Initiale
In der Ornamentik der Initialen ist durch mehr als tausend Jahre ein wertvolles Material für die Geschichte der Kunststile aufgehoben.
Friedrich Bauer, Die Initialen und ihre Anwendung in alter und neuer Zeit, 1902
Zierbuchstaben, die ein Buch einleiten, Kapitel markieren oder als Schmuckform eine ganze Seite einnehmen, sind in der heutigen Bücherwelt kaum mehr anzutreffen. Ausnahmen bilden die Kinderbücher und bibliophilen Drucke.
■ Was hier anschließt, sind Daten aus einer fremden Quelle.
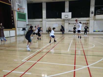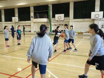 午前中の体育館ではバスケットボール部が活動しています。男子は3対2の練習です。女子はUCLAカットの練習です。男子は明日、冬季大会の1回戦です。試合に向けてしっかり準備しましょう。(遠藤)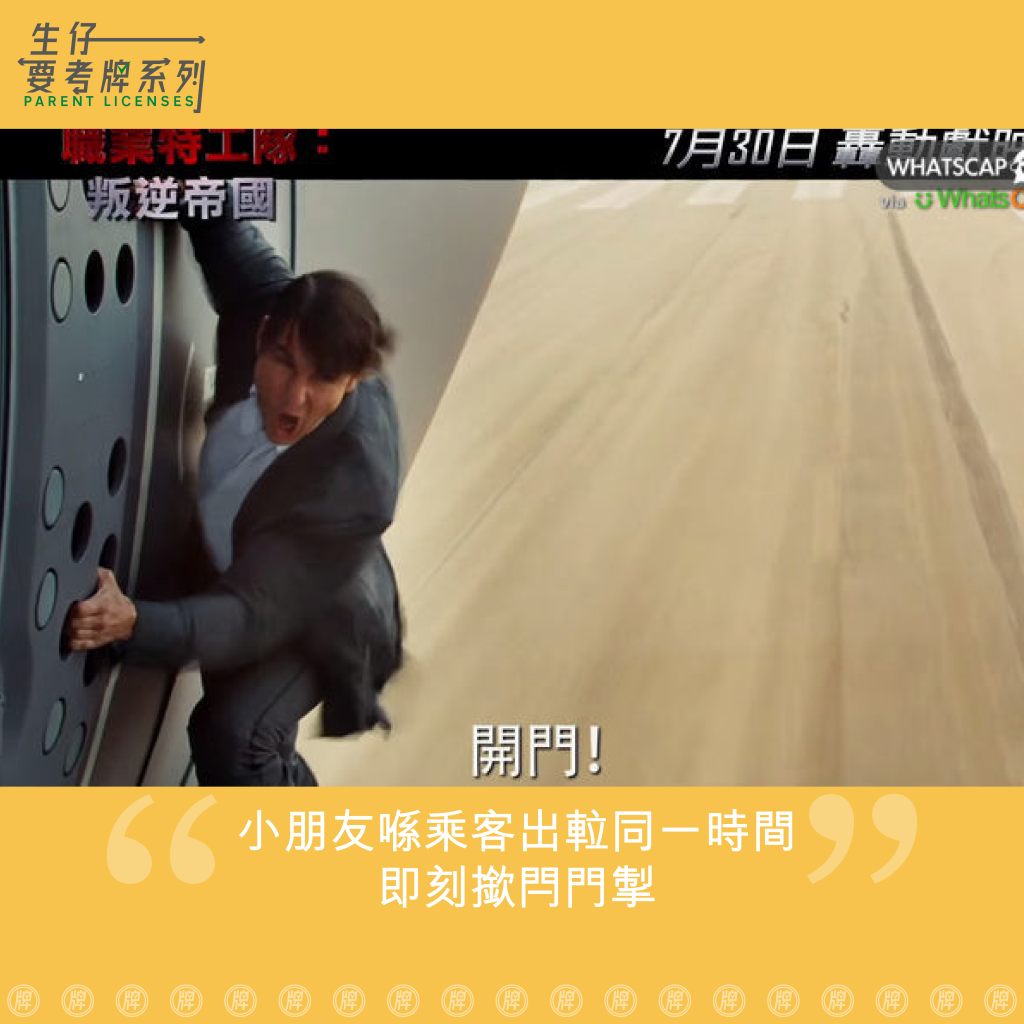 揸𨋢人 出門篇 2024 年 2 月 18 日 ParentLicenses 瀏覽次數: 2,618 #ParentLicenses2474 有一天搭𨋢,𨋢內勁多人於某數層,有企得比較入的乘客需要出𨋢,故此站在門口的乘客就行出去讓其他人出當中𨋢內原有一對父母加上大約五歲的兒子,兒子於乘客出𨋢的同一時間走上前即刻按關門掣,令到出咗𨋢打算入返來的乘客被撞到正了我好奇怪,為何細路的父母係完全無反應,既沒有叫個細路同人講對唔住,也沒有主動同人講對唔住。我心諗,你們真係好有家教!讀者投稿@多事的人

Ob handgemalt, mit Blattgold erhöht, in Holz geschnitten, in Kupfer gestochen, als Typenform oder nach illustrativem Entwurf ausgebildet – Initialen beleben die geschriebenen oder gedruckten Texte seit Jahrhunderten. Vom Mittelalter bis zum 16. Jahrhundert gehörten sie als Gliederungs- und Schmuckelemente zum Grundrepertoire der Buchausstattung. Pflanzenornamente, Leiber von Tieren und Fabelwesen, abstraktes Flecht- und Bänderwerk sowie figürliche oder architektonische Darstellungen bildeten den facettenreichen Motivkanon. Während im Barock die kalligrafische Ausformung bis hin zum übertriebenen Schnörkelwerk dominierte, fand die Initiale im Klassizismus eher schlichte, typografische Ausprägung. Seit Beginn des 20. Jahrhunderts widmeten sich Schrift- und Buchkünstler mit ganz individuellen, eher sachlich orientierten Formbestrebungen dem Kleinod der Buchgestaltung.